3. Scope of communication and dissemination of data
Employees and/or collaborators of the Controller, responsible for the management of the Sites, may become acquainted with the personal User data. These subjects, who are authorized by the Controller, will process the User data exclusively for the purposes indicated in the present disclosure and in compliance with the previsions of the Regulation.
Third parties who may process the personal data on behalf of the Controller may also become acquainted with the personal User data as “External Data Processors”, such as, for example, suppliers of computer and logistics services for the operation of the Sites, providers of outsourcing and cloud computing services, professionals and consultants.
Users have the right to obtain a list of any parties responsible for data processing appointed by the Controller by making a request using the method indicated in paragraph 4 below.
4. Users’ rights
Users may exercise the rights guaranteed to them by the Regulation by contacting the Controller in the following ways:
· return receipt certified mail to the head offices of the Controller;
· email to address firstname.lastname@example.org.

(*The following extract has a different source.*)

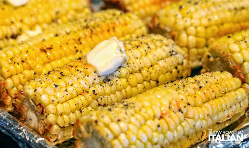 Bake for 30-45 minutes, until starting to brown. Turn corn occasionally. Remove from oven and spread remaining butter over the top of the corn. Sprinkle with more pepper as desired.

Website users, as parties to the data processing, have the right to:
a) Obtain access, update, correction or, if they wish, integration of the data;
b) request and obtain the cancellation, transformation into anonymous form or the block of the data processed in violation of law, including data for which retention is not necessary relative to the purposes for which the data was collected and processed;
c) obtain certification that the operations referred to in letters a) and b) have been brought to the attention, even with regard to their content, of those to whom the data has been communicated or disseminated, unless this requirement proves impossible or involves a manifestly disproportionate effort compared with the right that is to be protected;
d) revoke consent at any time, when the data processing is based on their consent;
e) data portability (right to receive all the personal data pertaining to them in a structured, commonly used and machine-readable format), the right to restriction of processing of the personal data and the right to erasure (“right to be forgotten");
i. in full or in part, for legitimate reasons, to the processing of personal data pertaining to them, although relevant to the purpose of its collection;
ii. in full or in part, to the processing of personal data pertaining to them for the purpose of sending advertising materials or direct sales, or the execution of market research or commercial communications;
iii. at any time, when the personal data is processed for purposes of direct marketing, to the processing of their data for that purpose, including profiling, to the extent that it is connected to that direct marketing.
g) lodge a complaint with a Supervisory Authority (in the member country in which they usually live, work or in the member country where the alleged violation has taken place) when they believe that the processing pertaining to them violates the Regulation. The Italian data protection authority is the Garante Privacy, with office in Piazza Venezia no. 11, 00187 - Rome (http://www.garanteprivacy.it/).
Cookies On Our Website
Our website uses the following cookies:
_gat, Source: Google. This cookie name is associated with Google Universal Analytics, according to documentation it is used to throttle the request rate - limiting the collection of data on high traffic sites. It expires after 10 minutes.Valid for 10 minutes.
_gid, Source: Google. Registers a unique ID that is used to generate statistical data on how the visitor uses the website.Valid for 1 day.
_ga, Source: Google. This cookie is used to distinguish unique users by assigning a randomly generated number as a client identifier. It is included in each page request in a site and used to calculate visitor, session and campaign data for the sites analytics reports.Valid for 2 years.